* **GIVEN DATA**
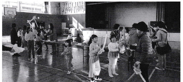
割れないかな? 大丈夫?
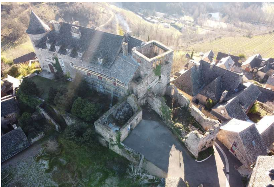
Eglise du château de Panat

Protection au titre des monuments historiques : inscrit
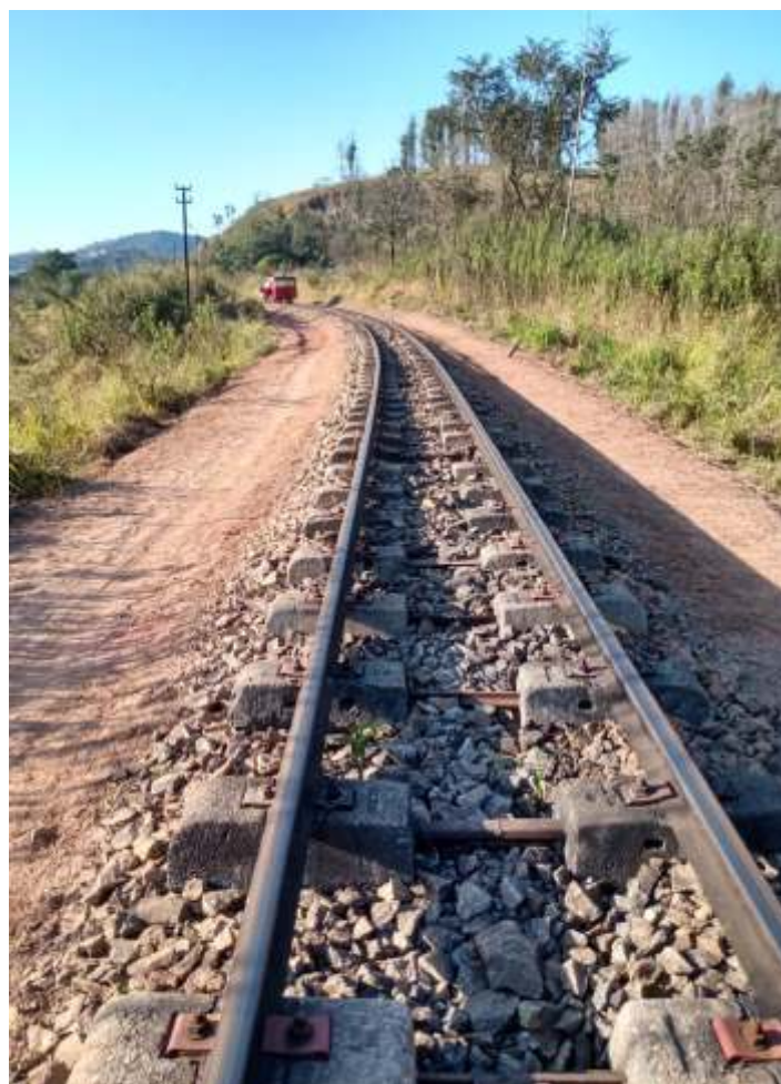
♦ Limpeza, alinhamento e nivelamento da via.
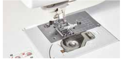
Entraînement à 7 griffes
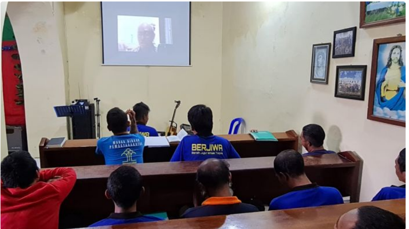
Kegiatan Ibadah WBP Umat Kristiani Lapas Ambarawa secara On Line

SEMARANG - Warga Binaan Pemasyarakatan (WBP) Lembaga Pemasyarakatan (Lapas) Ambarawa Mengikuti kegiatan ibadah virtual integrasi Lapas/Rutan se Indonesia, Rabu (02/11/2022).
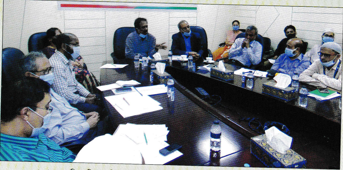
বাংলাদেশ প্রতিযোগিতা কমিশনের সম্মেলন কক্ষে পেঁয়াজের অস্বাভাবিক মূল্য ও সরবরাহজনিত কারসাজি প্রতিরোধের লক্ষ্যে আয়োজিত সভা
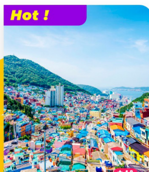
Hot ! Khám phá Làng bích họa Gamcheon
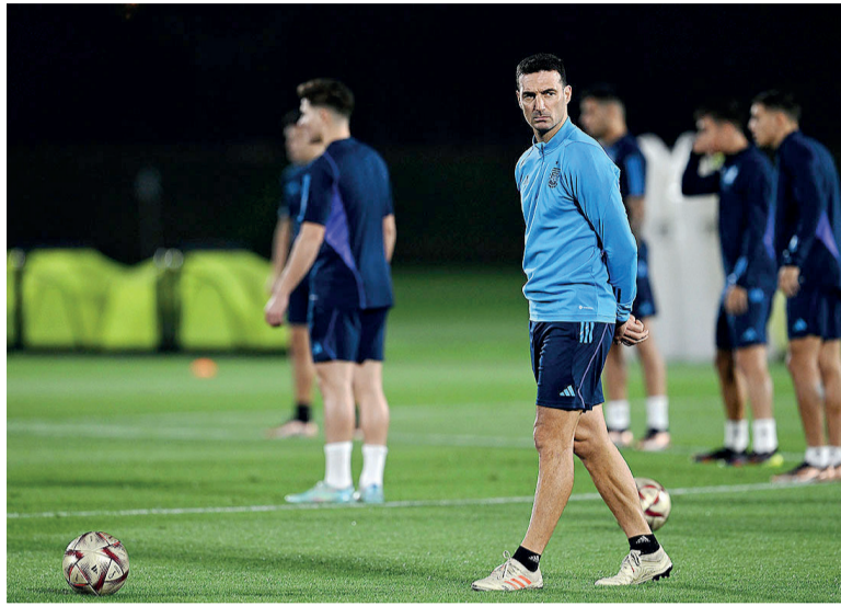
Atento. El DT monitorea las cargas de trabajo.

Mbappé, en tanto, aparece como la mayor amenaza a futuro. Con apenas dos Mundiales disputados, el delantero francés ya suma 12 goles. Cuatro los convirtió en Rusia 2018 y otros ocho en Qatar 2022, donde fue el máximo artillero del torneo y firmó un inolvidable triplete en la final frente a Argentina.
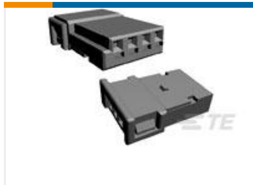
TE 产品编号1241634-1 4POS MQS REC COD Z
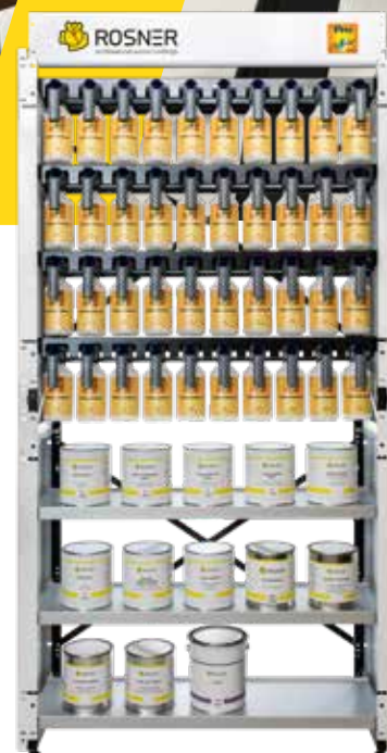
Item no.: 249410008
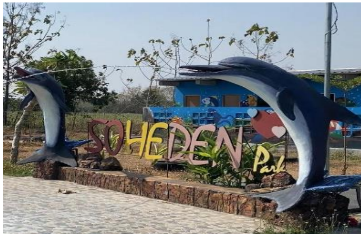
Gambar 2. BUMDes Wisata Edukasi Soheden

Pada tahap awal perencanaan program kerja, tim pengabdian mengambil inisiatif untuk melakukan survei awal tentang pengelolaan Wisata Edukasi Soheden. Langkah ini dianggap sebagai bagian integral dari upaya pengembangan Badan Usaha Milik Desa (BUMDes). Untuk mencapai tujuan tersebut, diluncurkan sebuah program penelitian yang berfokus utama pada peran perangkat desa, pengelola BUMDes, dan perwakilan Masyarakat.
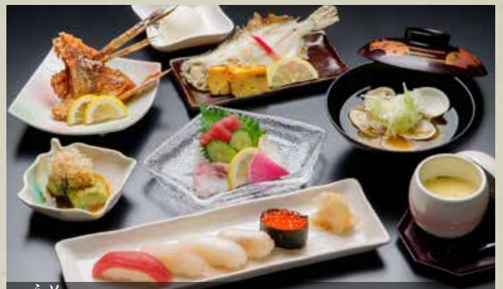
うめ 梅〈全8品〉 Kaiseki Course Ume (8 items) Ume Course (8 items) ¥3,500 梅 会席套餐 (全8品) 3,500円
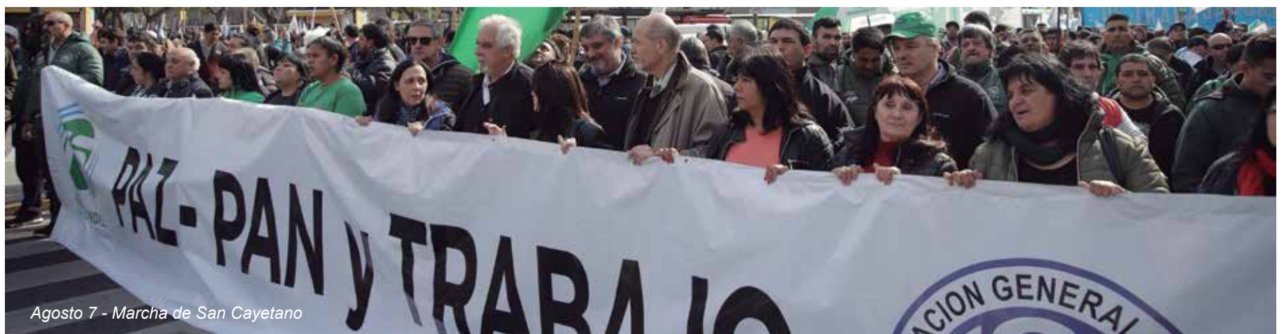
Agosto 7 - Marcha de San Cayetano

Agosto 7 - Estuvimos en la Marcha de San Cayetano convocada por las organizaciones sociales con la adhesión del movimiento sindical, bajo la consigna Paz, Pan, Tierra, Techo y Trabajo. Se insiste en el reclamo de emergencia alimentaria ante los pavorosos datos de indigencia y hambre generados por el esquema económico del Gobierno de la Alianza Cambiemos, del Pro y la UCR.
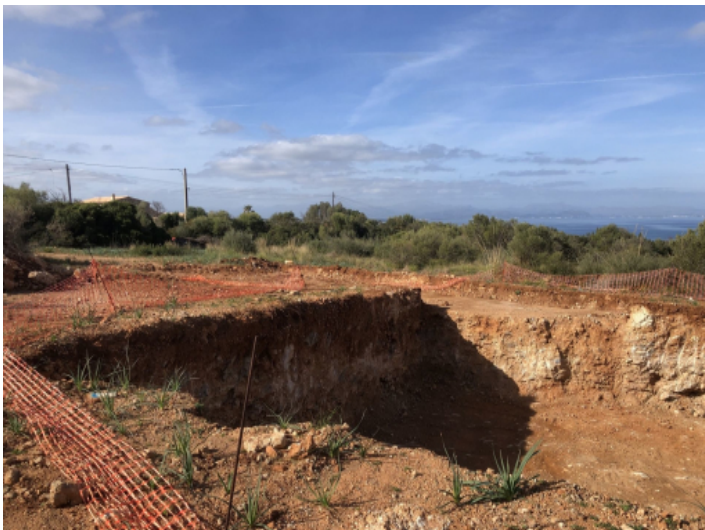
16.000 qm Bauland
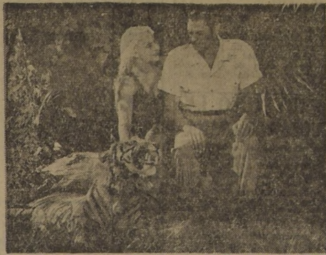
Una escena de "La mujer leopardo", film Columbia, que va al Teatro Continental

Una trama argumental apasionante, es la que se desarrolla en la película de aventuras de la selva, "La mujer leopardo", que Columbia Pictures presentará desde el martes próximo en el Teatro Continental. Cabe destacar una espectacular lucha entre una serpiente y una pantera negra, combate que ha sido captado en forma magistral por las cámaras.
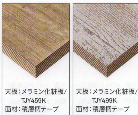
天板:メラミン化粧板/ TJK459K 面材:積層柄テープ
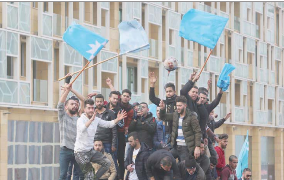
مناصرون لتيار «المستقبل» في بيروت أمس بمناسبة إحياء ذكرى اغتيال الرئيس رفيق الحريري

اندلع إشكال بين مناصرين لـ«تيار المستقبل» ومتظاهرين في ساحة الشهداء، أمس، وأطلق المتظاهرون هتاف «كلن يعني كلن»، ما اعتبره مناصرو «المستقبل» استفزازاً لهم، قبل أن يتدخل الجيش ويطلق الحادّ. الرسمية بأن إشكالا وقع قرب ضريح الرئيس رفيق الحريري، على خلفية تبادل الهتافات، حيث أطلق مؤيدو «المستقبل» شعارات داعمة للرئيس سعد الحريري، قبلتها هتافات باسم الانتفاضة أطلقها المحتجون الآخرون، وهو ما اعتبره مناصرو «المستقبل» نوعاً من الاستفزاز لهم. وشهدت الساحة اندفاعاً ورسقاً بزجاجات المياه والحصى بين المحتجين المعصمين في ساحة الشهداء، ومناصري تيار «المستقبل». وتدخلت عناصر من الجيش والقوى الأمنية في محاولة لفضل المتظاهرين بين الطرفين.
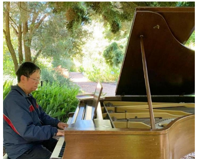
2019年7月筆者在三藩市金門公園戶外舉行鋼琴演奏

備註：敬請大家留意此鋼琴演奏會的延期（仍會在一個星期六下午同一地點舉行），到時請光臨指教！
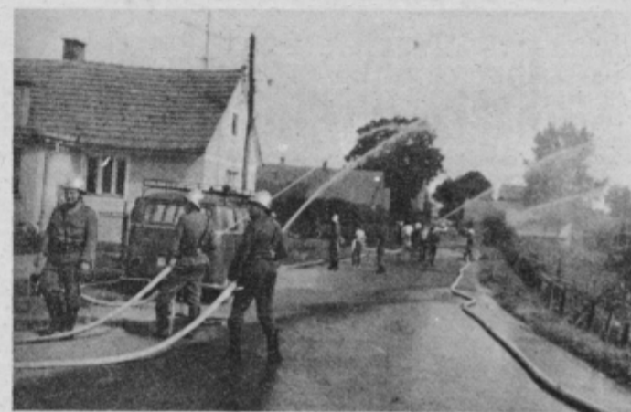
Pred slovesnostjo so gasilci izvedli veliko vajo, ki je odlično uspela.
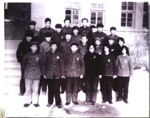
海城师范三十年教龄的老教师合影(1983年)
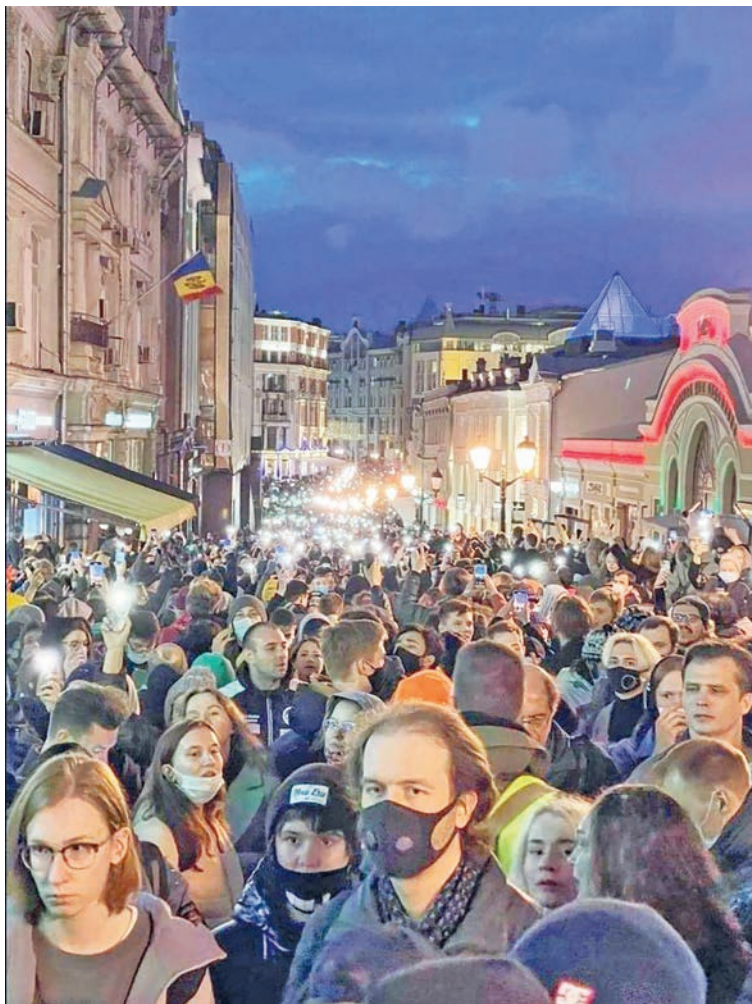
Центр Москвы 21-го апреля

тронными адресами людей, зарегистрировавшихся на сайте «Свободу Навальному», была похищена и слита в сеть. Людям стали приходить письма с угрозами.
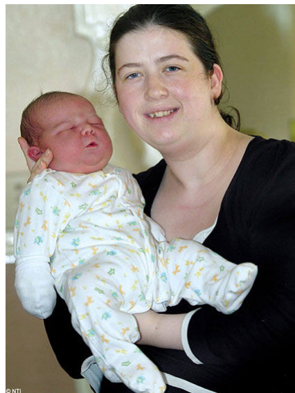
© NTI Shaune (6,7 kg) en los brazos de su mamá Vía | DailyMail.co.uk

Sin embargo, según el libro Guinness de los Récords , el bebé más pesado fue dado a luz por la canadiense Anna Haining Bates, el 19 de enero de 1879. Pesó 10,6 kg y midió 71 centímetros pero murió 11 horas después de nacer.
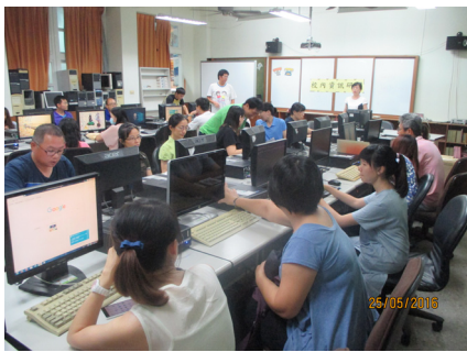
教師參加資訊研習。
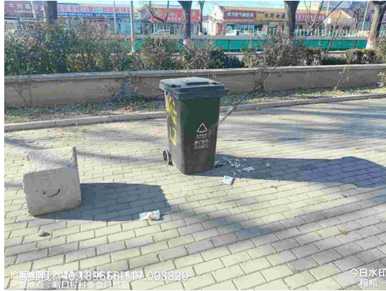
西营村委会门前路(良好)T12:09
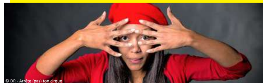
Arrête (pas) ton cirque
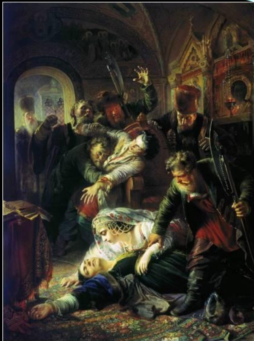
«Агенты Дмитрия Самозванца убивают Бориса Годунова» (1862)

В 1863 году Маковский, вместе с 13 другими студентами, выбранными для участия в конкурсе на Большую золотую медаль Академии, отказался писать картину на тему Скандинавской мифологии и покинул Академию, не получив диплом.
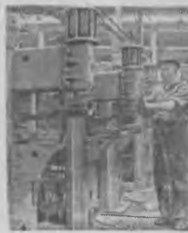
Трудно найти такую область народного хозяйства, где не применялось бы электросварочное оборудование, сделанное на ленинградском заводе «Электрик». Оно получило также признание за рубежом. В настоящее время предприятие выполняет заказы тридцати трех стран, причем государствами Азии и Африки оборудование изготовляют в тропическом исполнении.

НА СНИМКЕ: сборка машин для точной сварки по заказу Индии.
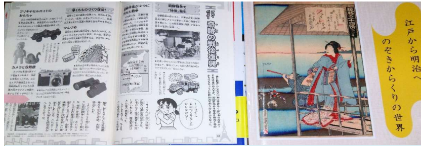
双眼鏡・望遠鏡に関する・書籍・雑誌・カタログ・ちらし・光学産業新聞など

光学ガラス材料(ブロック材) 【主なガラス部品の加工工程】 ①ろつぼ溶解(現在は連続溶解が主) ②火割り ③切断、或いはプレス型にて成型 ④研削加工 ⑤研磨加工 ⑥真空蒸着 ⑦接合
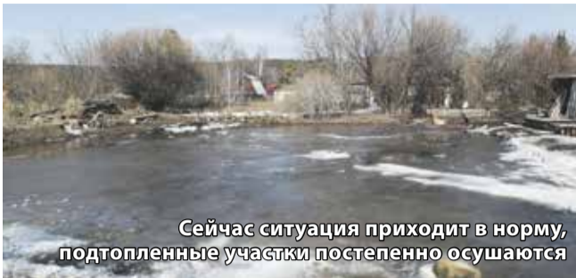
Сейчас ситуация приходит в норму, подтопленные участки постепенно осушаются

— На борьбу со стихией были брошены силы администрации города, МЧС, аварийно-спасательного отряда. В течение дня пропаривали и пропиливали русло реки Солонянки, завозили гравий, откачивали воду из домов. В Иркутске введен режим повышенной готовности, — прокомментировал ситуацию депутат Алексей Распутин.
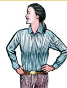
No ropa suelta o pelo suelto
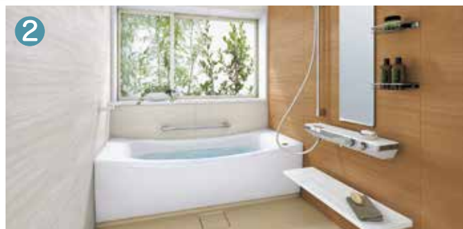
TOTO システムバス サザナ
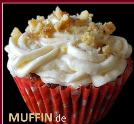
MUFFIN de ZANAHORIA Y NUECES

DELICIOSO MUFFIN "SIN GLUTEN", ELABORADO CON HARINA DE ALMENDRAS Y HARINA DE COCO, NUECES Y CORONADO CON UN FROSTING DE QUESO CREMA. 0% AZÚCAR 100% SABOR.
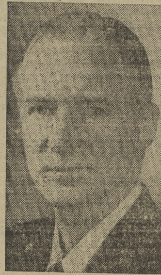
El coronel Anthony J. Drexel Biddle Jr., que ha sido designado jefe de Estado Mayor del general Eisenhower.

El presidente Truman ha pedido hoy el levantamiento de las restricciones que figuran en el tratado de paz italiano, a fin de "ayudar contra la amenaza de la agresión soviética".
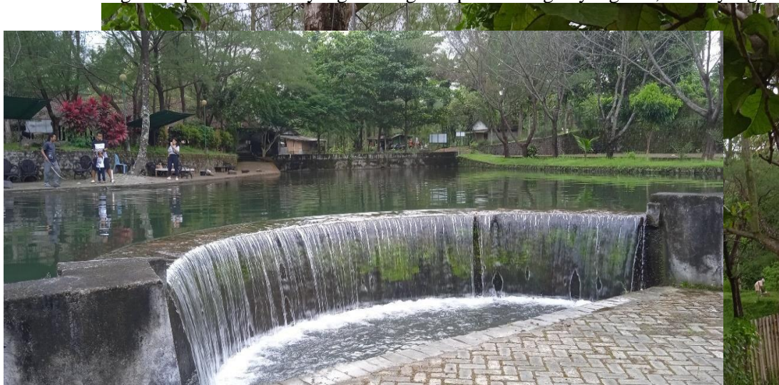
Gambar 3.7 Flying fox yang berada seperti di tengah hutan Dikelilingi oleh pohon cemara yang rindang dan pemandangan yang asri, udara yang

Di samping banyak yang memanfaatkan ETASIA untuk kegiatan outbond, owner atau pemilik atau narasumber juga sangat memperhatikan keasrian dari Ekologi Taman Air Tlatar (ETASIA) dengan cara membuatnya terlihat menyatu dengan alam sehingga bisa diterima oleh pengunjung di segala usia. Seperti tempat flying fox yang berada seperti di tengah hutan, air terjun mini yang langsung dialirkan ke sungai, taman batu yang mereplika pancasila, jalan menuju tempat parkir yang dibuat seperti banjir yang bertujuan untuk membersihkan roda kendaraan, dan lain sebagainya.

* **EXERCISE GOAL**
What lines of the preceding data include the string "Marcha"? Pull them out.

* **THE COMPLETED TASK**
Agosto 7 - Marcha de San Cayetano
Agosto 7 - Estuvimos en la Marcha de San Cayetano convocada por las organizaciones sociales con la adhesión del movimiento sindical, bajo la consigna Paz, Pan, Tierra, Techo y Trabajo. Se insiste en el reclamo de emergencia alimentaria ante los pavorosos datos de indigencia y hambre generados por el esquema económico del Gobierno de la Alianza Cambiemos, del Pro y la UCR.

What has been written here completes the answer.